Thursday, July 18, 2024

1.4m hectares of wilding conifers tamed

1.4 million hectares of native and productive land have been protected from wilding conifers in the past two years, Biosecurity Minister, Damien O’Connor said today.

Speaking at the 2022 Wilding Pine Conference in Blenheim, Mr O’Connor said there was a visible difference across the country from the work of hundreds of people to get the upper hand on the highly invasive weeds.

“Analysis showed that left unchecked, wildings would cost the economy $5.3 billion. We made the right call to front-foot the issue, announcing $100 million of Jobs For Nature funding for a collective effort at the last conference in 2020,” the Minister said.

The National Wilding Conifer Control Programme has since treated more than two thirds of the known infestations around the country at least once, he said.

“From the dune lakes of the Te Aupōuri Peninsula in Northland, to the high country of Molesworth, and to the sacred Motupōhue Bluff Hill at Invercargill, the scenes are striking. Native tussock, bush and grazing land are recovering, and the outlook for biodiversity is brighter.”

The Programme has now completed two phases of control across 33% of the national known infestation, and a first phase over another 37%.

“That means the spread has been stopped or slowed in these areas, and efforts can shift to stopping re-infestation over the next few years – which is progressively less costly,” the Minister said.

A 2018 Cost Benefit Analysis report showed that if the Programme focussed control efforts on 1.8 million hectares of the most vulnerable landscapes, this could protect 7.25 million hectares from further infestation.

The Programme is on track to exceed this target, said Mr O’Connor.

“The control of wilding pines delivers huge benefits for New Zealand’s economy and rural communities and supports resilience to the impacts of climate change – through reducing impacts on productive land, hydro-power generation, and reducing the threats from intense wildfires.”
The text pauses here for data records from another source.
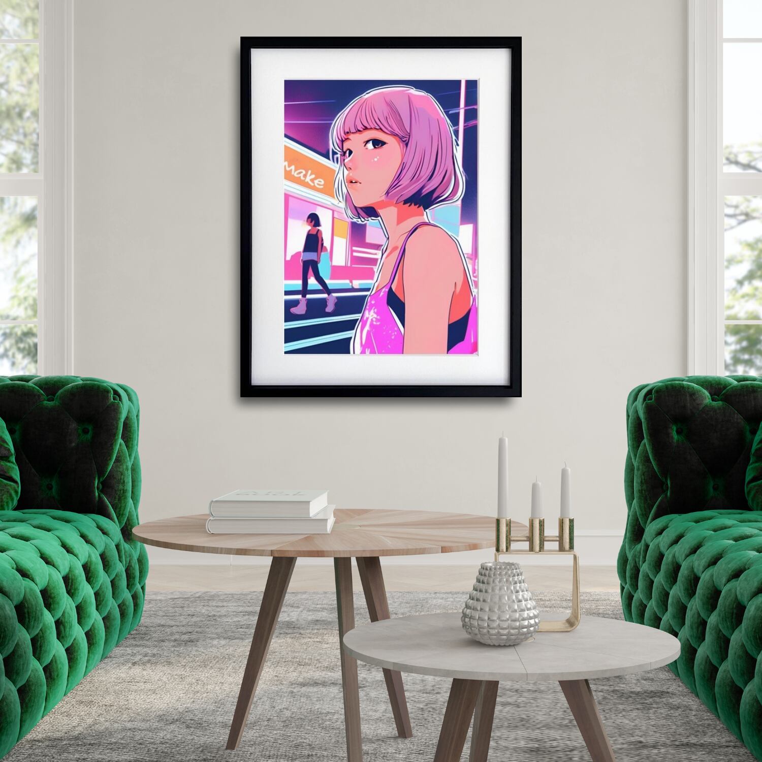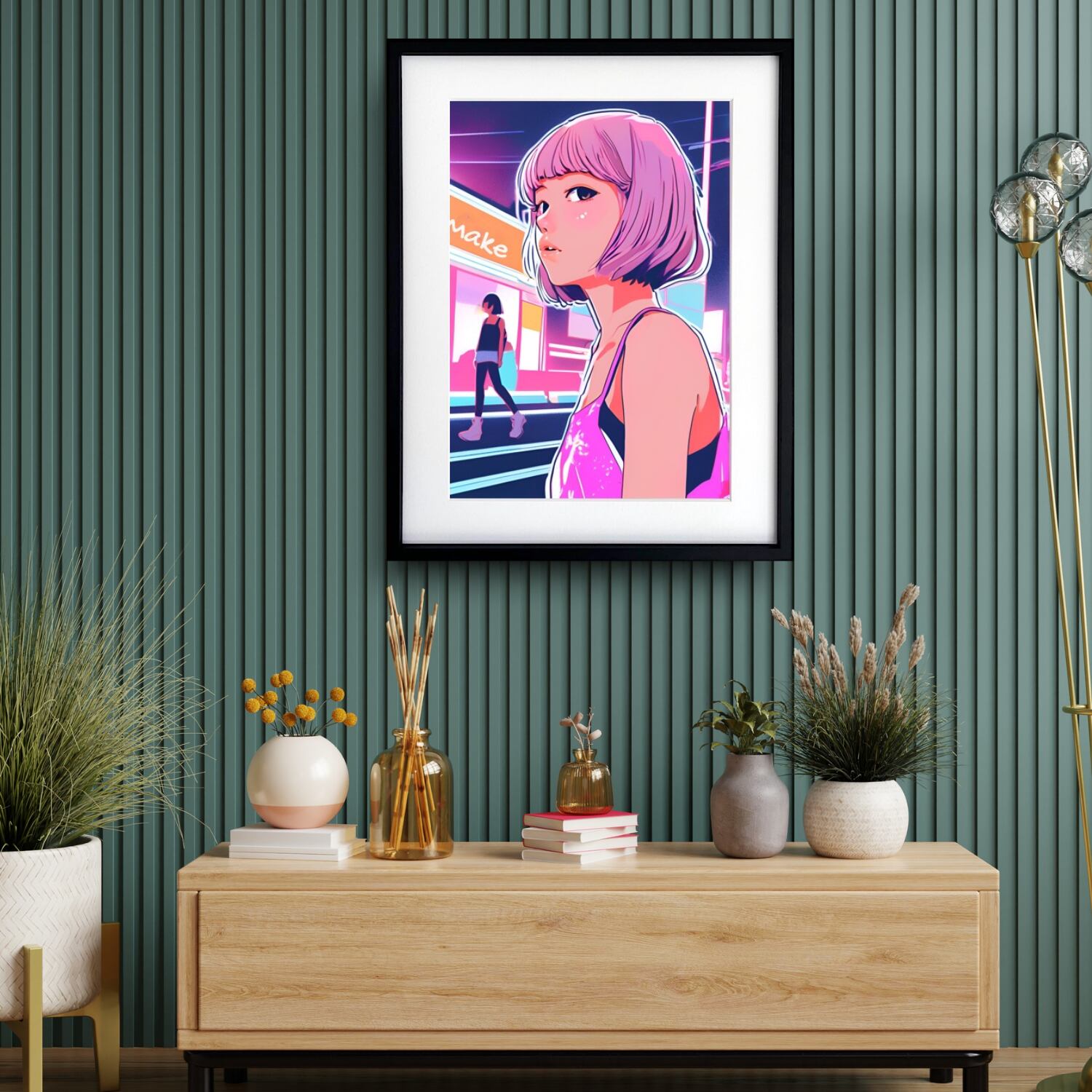 Bob Girl VIII|ピンクヘアが映えるシティポップアートポスター|ノスタルジーと洗練が交差する大人のレトロモダンインテリアA4ポスター
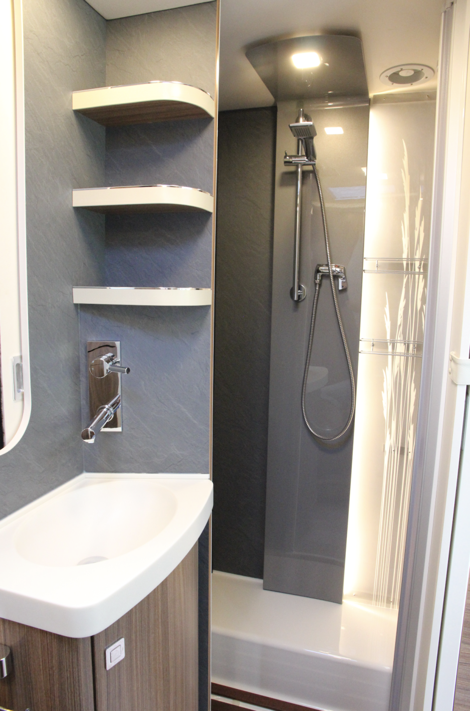 Badet er romslig, og går fra vegg til vegg. Dusjen har samme strå-dekorelementer som sine lengre storesøsken. Platen som dusjhodet er festet på ser ut som et dekorelement, men er også en liten ovn, varmet opp av bobilens vannbårne varme fra Alde.
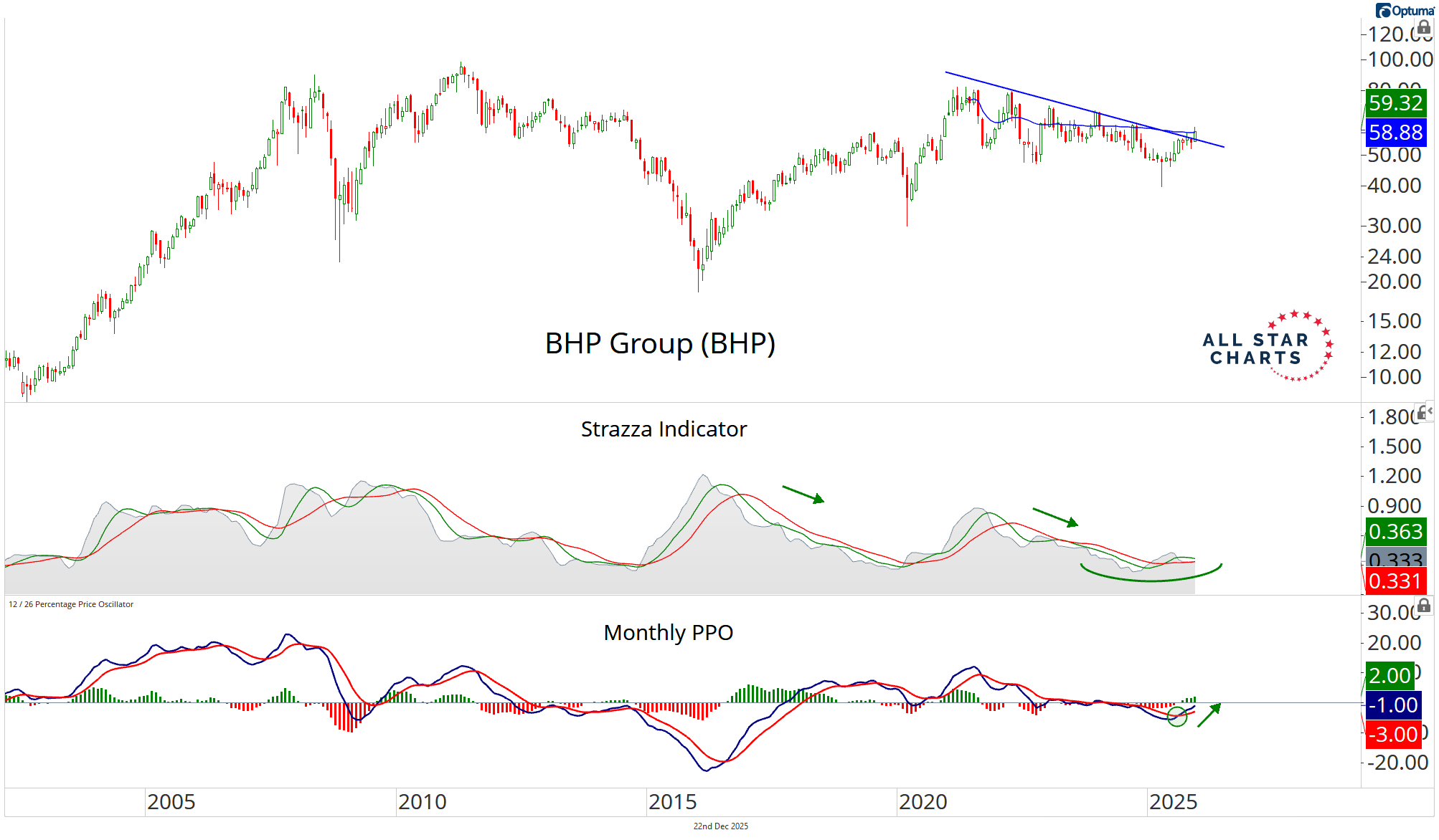 Industrial metals giant BHP Group $BHP is on the cusp of breaking out and reversing its primary trend. Volatility on the monthly Strazza Indicator remains tightly compressed, while monthly PPO momentum continues to improve—exactly the type of confirmation we like to see ahead of a structural breakout. This is a multi-year coil, the kind that often ignites powerful rallies that can persist for months at a time. We've already capitalized on a similar setup in copper miner $FCX, where we achieved a five-times maximum return today. Now we're looking to redeploy some of those gains into other names in the space that have yet to trigger. If you want access to our Squeeze Engine and our next metals trade, join Breakout Multiplier here, risk-free. Cheers, Steve |
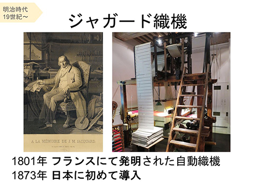 明治初年にジャガード織機がフランスのリヨンから入ってきました。
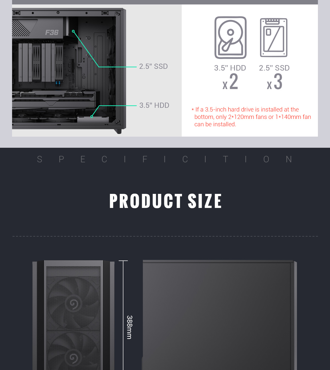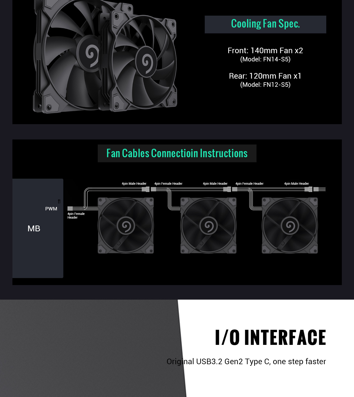 | Cooling Fan Support | Front | 2x120mm (Fan optional),2x140mm (GMX-WFBK-PWM included) |
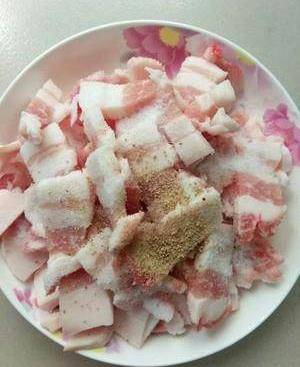 五花肉去皮洗幹凈,切成薄片,放鹽和胡椒粉拌勻醃約30分鐘。
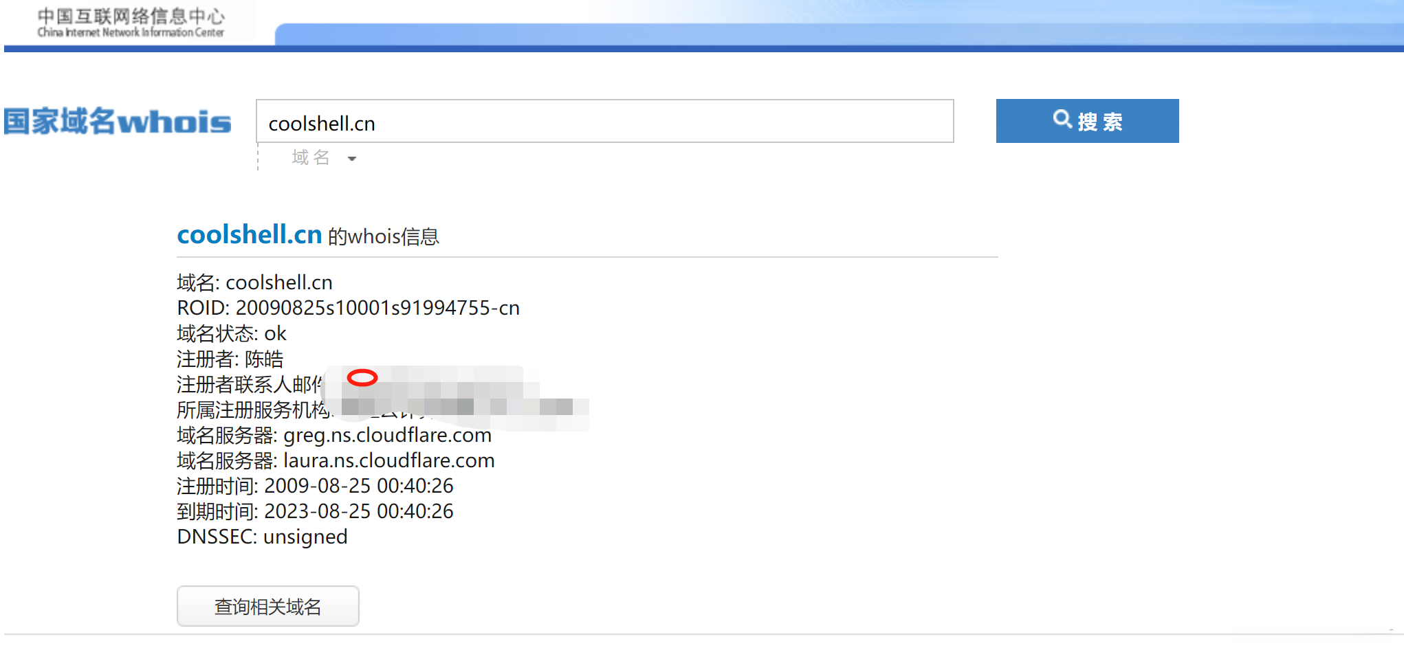通过点击whois功能, 可以获取该域名下的详细信息。值得注意的是, 该顶级域名为VeriSign所负责管理, 而针对.cn域名的注册则由CNNIC进行管理。
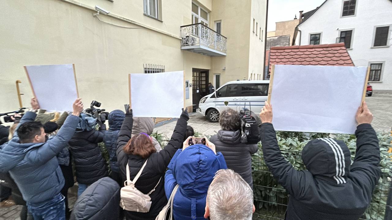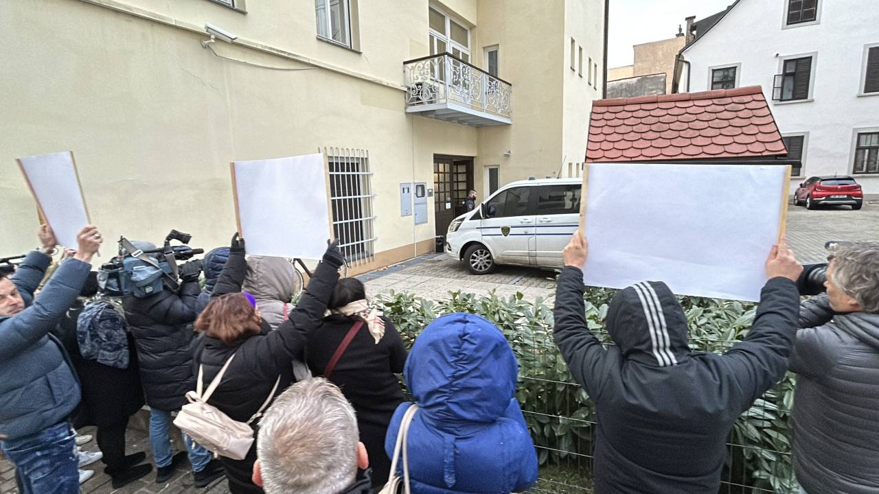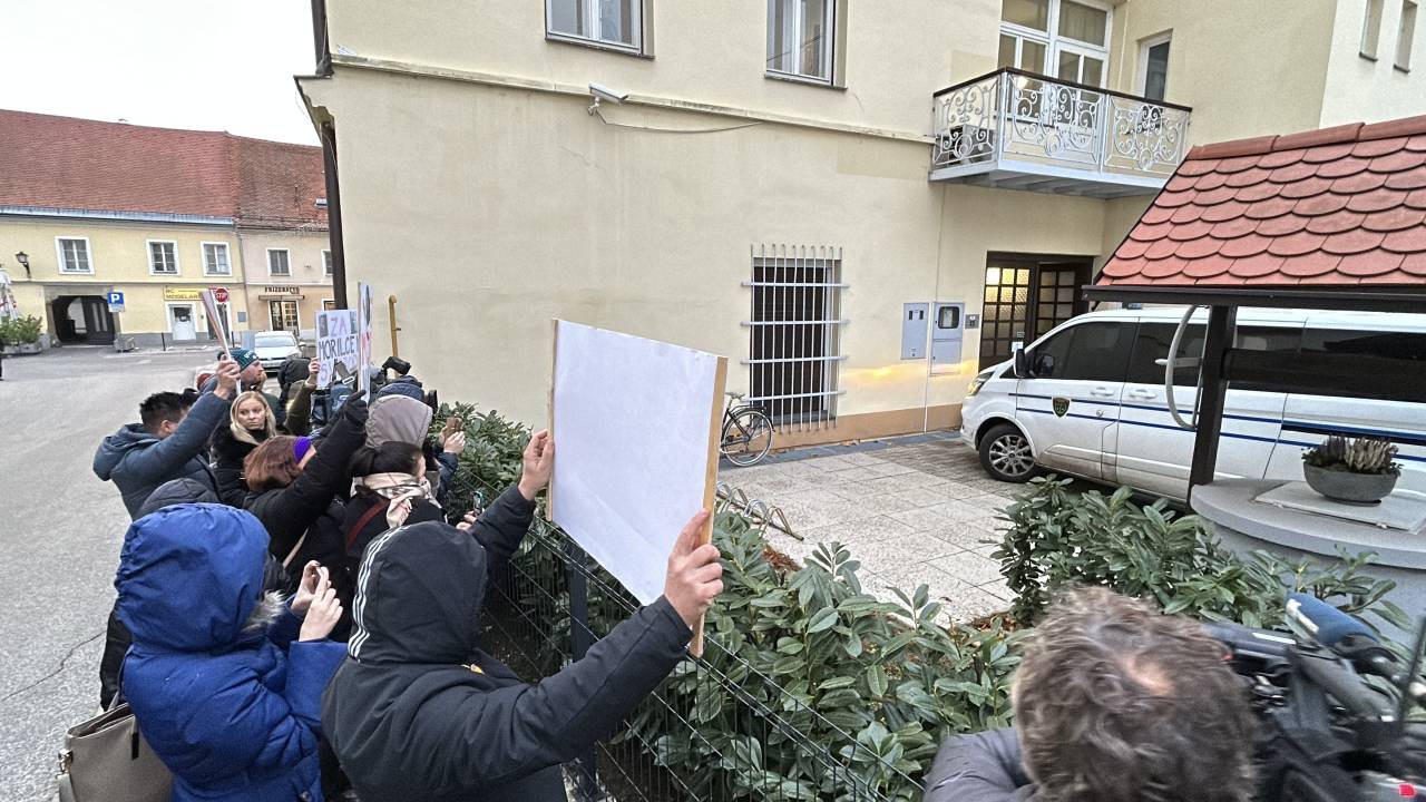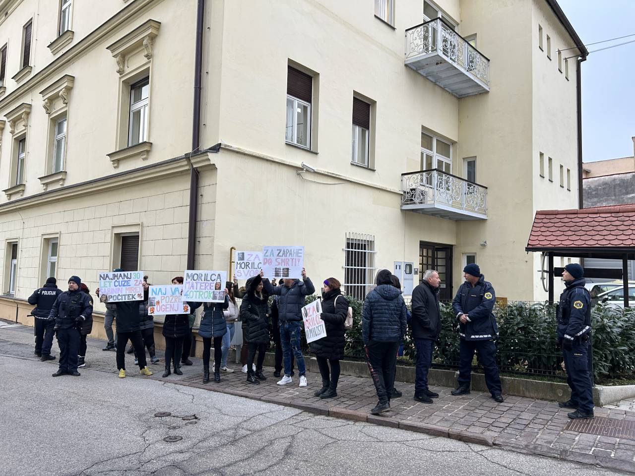 Pred ptujskim sodiščem se zbirajo znanci in prijatelji preminule, s sabo imajo transparente. Na transparentih lahko preberemo napise, kot so: »Za zapahe do smrti« in »Naj vaju ogenj požre«.
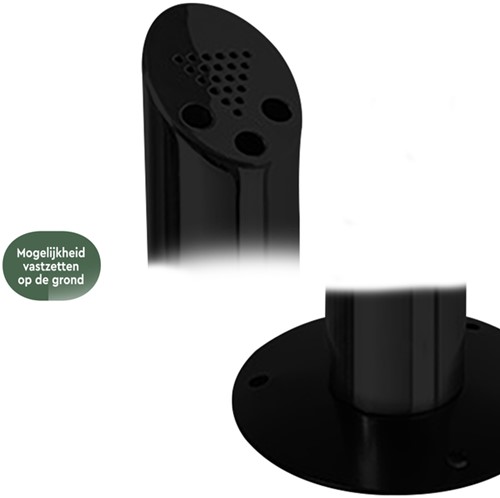 De zuil is zeer eenvoudig te legen. De staande asbak van BRASQ vangt de peuken op in het onderste gedeelte van de kolom. Door deze constructie, is er een beperkte zuurstof toevoer en doven de peuken snel. Dit komt de veiligheid van gebruiker en omgeving ten goede. Door het klepje onderaan met de sleutel te openen kun je de inhoud gemakkelijk legen. Sluit de asbak vervolgens weer met de sleutel. Tot slot, de asbak is geschikt voor iedereen die op een professionele wijze de sigarettenpeuken wilt opvangen, waardoor de werk- en leefomgeving opgeruimd en schoon blijft.
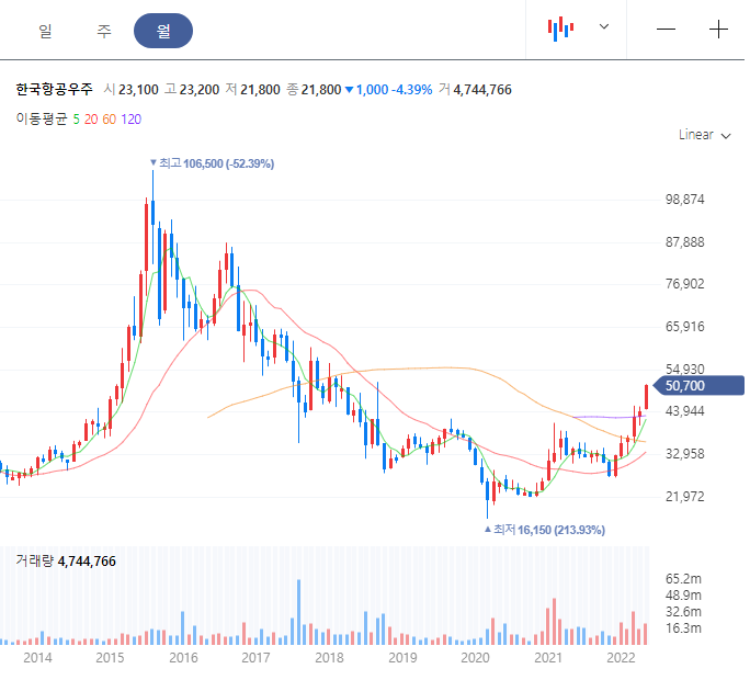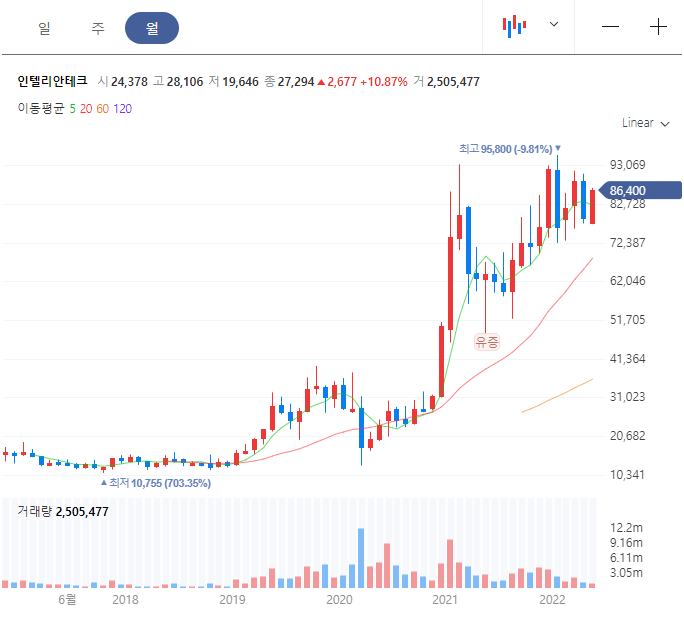 월봉상 이 주식은 2019년 1만 원대가 9만 원대까지 9배 올랐다. 3년 만에 9배 상승? 더 오를까?
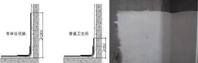 高度地面四周與墻體連接處,防水層應往墻面上返300mm以上,有淋浴設施的廁浴間隔墻面,防水層高度不應小于1.8m。
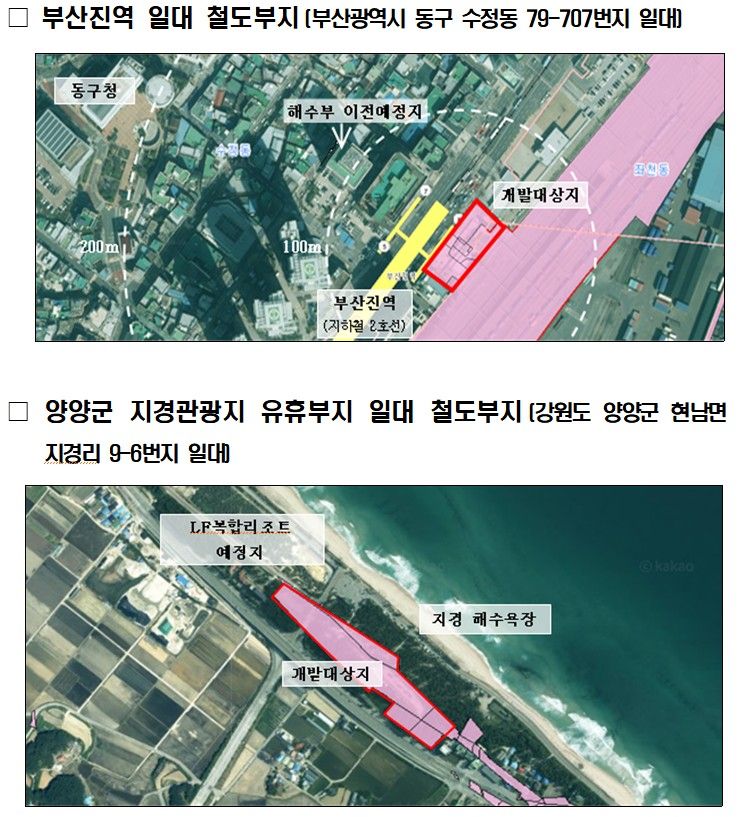이성해 국가철도공단 이사장은 “행정·상업 기능이 발달한 부산진역 일원과 수려한 자연경관을 지닌 양양 지경 관광지 인근 터는 모두 높은 개발 잠재력을 가진 지역”이라며 “이들 부지가 지역의 새로운 성장 거점으로 재탄생할 수 있도록 이번 공모에 많은 관심을 바란다”고 말했다.

“The Programme carried out searching, pulling, sawing, spraying and felling. Added to that is the work of iwi and community volunteers and Government agencies, along with landowners and foresters managing their own land responsibly and being good neighbours.

“The final $35 million of Jobs For Nature funding will be spent over the next two years to continue the highest priority control work. It will progressively transition cleared land back to landowners where it is feasible for them to take over ongoing management to prevent reinvasion.

“With the results of the control work clear to see and the broad economic benefits understood, I hope to work with organisations to ensure funding is in place to keep up the pace of this essential work.

“The Programme, and many others under their own steam, are doing an excellent job, and we need to keep working together to maintain all the ground we have gained so far – the battle against this urgent weed threat is far from won,” Mr O’Connor said.

The Government has committed ongoing baseline funding of $10 million per year from the 2023-24 Financial Year.